O conservadorismo reinante na época de que estamos tratando apresenta resquícios fortes tanto de um legado colonialista (e coronelista, por assim dizer) quanto traços dominantes de perspectivas fascistas. Portanto, não é difícil perceber porque as mudanças provocadas por Getúlio, sobretudo, no campo social-trabalhista, mas também de modo claro na estrutura jurídico-política do Estado, incomodavam tanto a esses setores.
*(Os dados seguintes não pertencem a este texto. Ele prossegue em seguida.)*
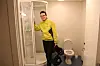 Ingunn Lunde ved Institutt for fremmedspråk viser På Høyden den kombinerte dusj- og toalettgarderoben i kjelleren. Foto: Eivind A. Pettersen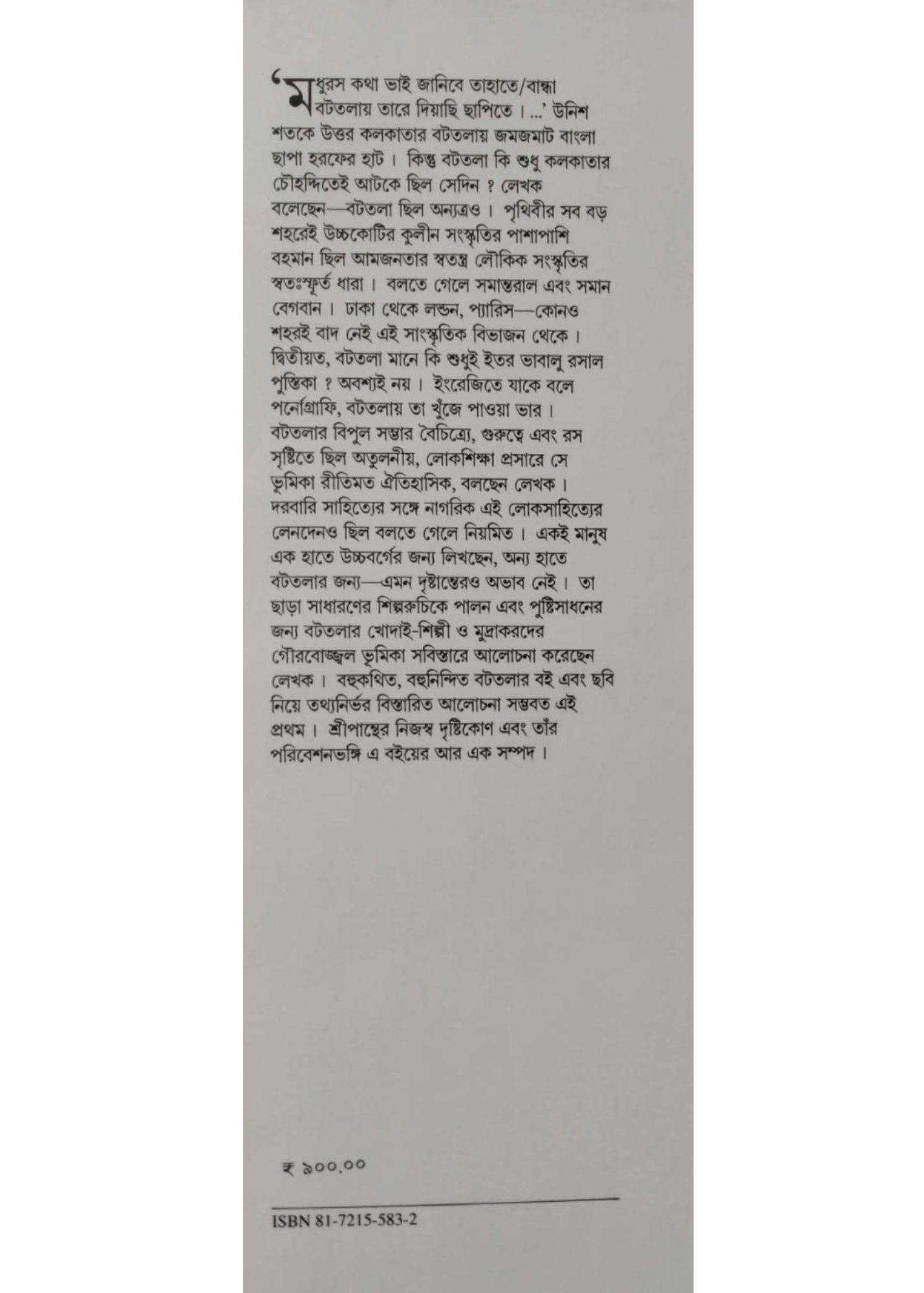 'মধুরস কথা ভাই জানিবে তাহাতে/বান্ধা বটতলায় তারে দিয়াছি ছাপিতে ।...' উনিশ শতকে উত্তর কলকাতার বটতলায় জমজমাট বাংলা ছাপা হরফের হাট। কিন্তু বটতলা কি শুধু কলকাতার চৌহদ্দিতেই আটকে ছিল সেদিন? লেখক বলেছেন- বটতলা ছিল অন্যত্রও। পৃথিবীর সব বড় শহরেই উচ্চকোটির কুলীন সংস্কৃতির পাশাপাশি বহমান ছিল আমজনতার স্বতন্ত্র লৌকিক সংস্কৃতির স্বতঃস্ফূর্ত ধারা। বলতে গেলে সমান্তরাল এবং সমান বেগবান। ঢাকা থেকে লন্ডন, প্যারিস-কোনও শহরই বাদ নেই এই সাংস্কৃতিক বিভাজন থেকে। দ্বিতীয়ত, বটতলা মানে কি শুধুই ইতর ভাবালু রসাল পুস্তিকা? অবশ্যই নয়। ইংরেজিতে যাকে বলে পর্নোগ্রাফি, বটতলায় তা খুঁজে পাওয়া ভার। বটতলার বিপুল সম্ভার বৈচিত্র্যে, গুরুত্বে এবং রস সৃষ্টিতে ছিল অতুলনীয়, লোকশিক্ষা প্রসারে সে ভূমিকা রীতিমত ঐতিহাসিক, বলছেন লেখক। দরবারি সাহিত্যের সঙ্গে নাগরিক এই লোকসাহিত্যের লেনদেনও ছিল বলতে গেলে নিয়মিত। একই মানুষ এক হাতে উচ্চবর্গের জন্য লিখছেন, অন্য হাতে বটতলার জন্য এমন দৃষ্টান্তেরও অভাব নেই। তা ছাড়া সাধারণের শিল্পরুচিকে পালন এবং পুষ্টিসাধনের জন্য বটতলার খোদাই-শিল্পী ও মুদ্রাকরদের গৌরবোজ্জ্বল ভূমিকা সবিস্তারে আলোচনা করেছেন লেখক। বহুকথিত, বহুনিন্দিত বটতলার বই এবং ছবি নিয়ে তথ্যনির্ভর বিস্তারিত আলোচনা সম্ভবত এই প্রথম। শ্রীপান্থের নিজস্ব দৃষ্টিকোণ এবং তাঁর পরিবেশনভঙ্গি এ বইয়ের আর এক সম্পদ।

A ideia de progresso social, sempre presente nos discursos de Vargas, remetia diretamente à noção funcionalista de paz ou harmonia social e que pressupõe, para sua realização, um pacto relativamente estável entre classes e frações de classes sociais. O modelo desenvolvimentista do segundo Getúlio, deste modo, aprofunda essa concertação da relação entre o Estado e as classes, promovendo uma relativa ascensão das classes populares no jogo político, tanto pela sua importância como base de sustentação da estrutura produtiva necessária ao desenvolvimento pelo trabalho, quanto pelo discurso e incorporação das suas necessidades de reprodução social no âmbito do Estado com inflexões no mundo do trabalho privado313.
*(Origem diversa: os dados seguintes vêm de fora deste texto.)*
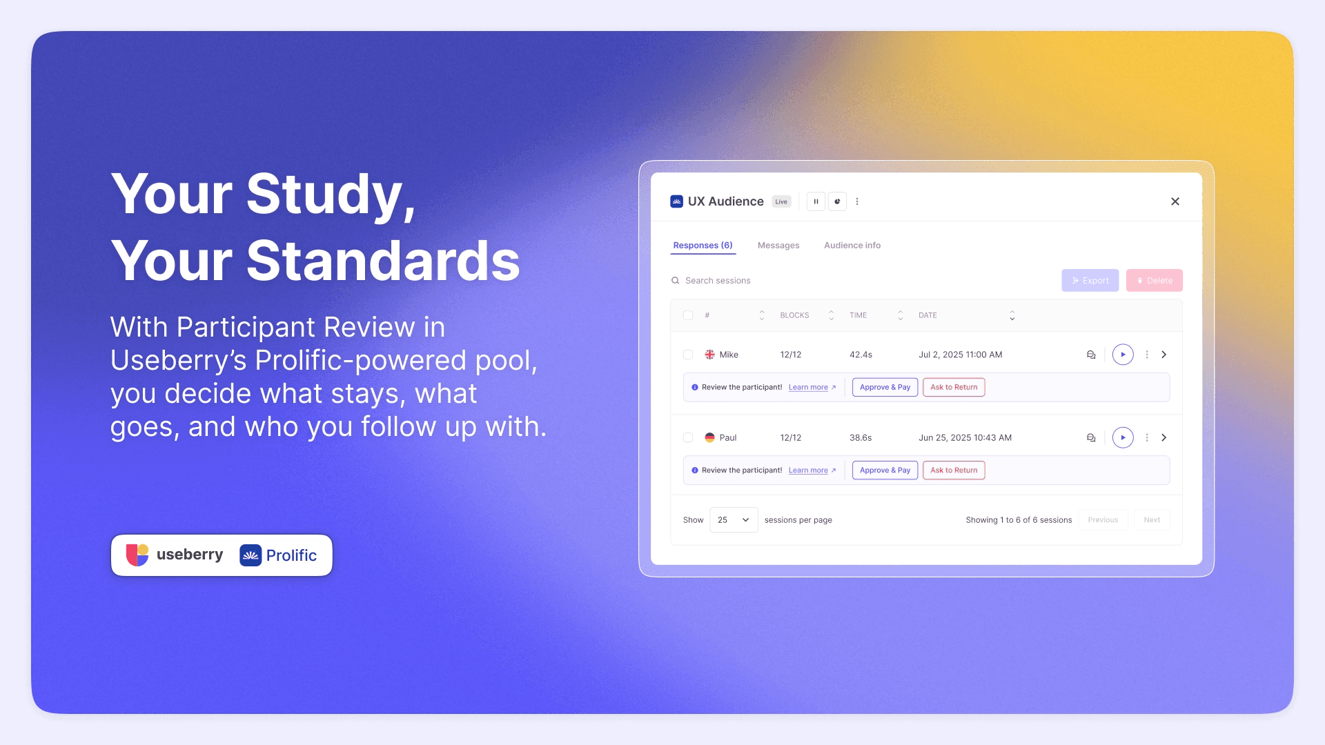 Available when using our Participant Pool powered by Prolific, this feature combines the flexibility of reviewing and managing responses with access to a vetted panel of over 200,000 participants across 38+ countries. You get fast turnaround times (often under 2 hours), over 300 audience filters, and built-in quality checks before your own review process even begins.

O suicídio de Vargas, em 1954, põe fim ao nacionalismo peculiar que inaugura314, mas não ao nacionalismo em geral, pois as bases de um desenvolvimentismo brasileiro já estão dadas e não serão desperdiçadas por Juscelino Kubistchek em seu Plano de Metas para o desenvolvimento e a tentativa de consolidação de um capitalismo brasileiro de tipo moderno.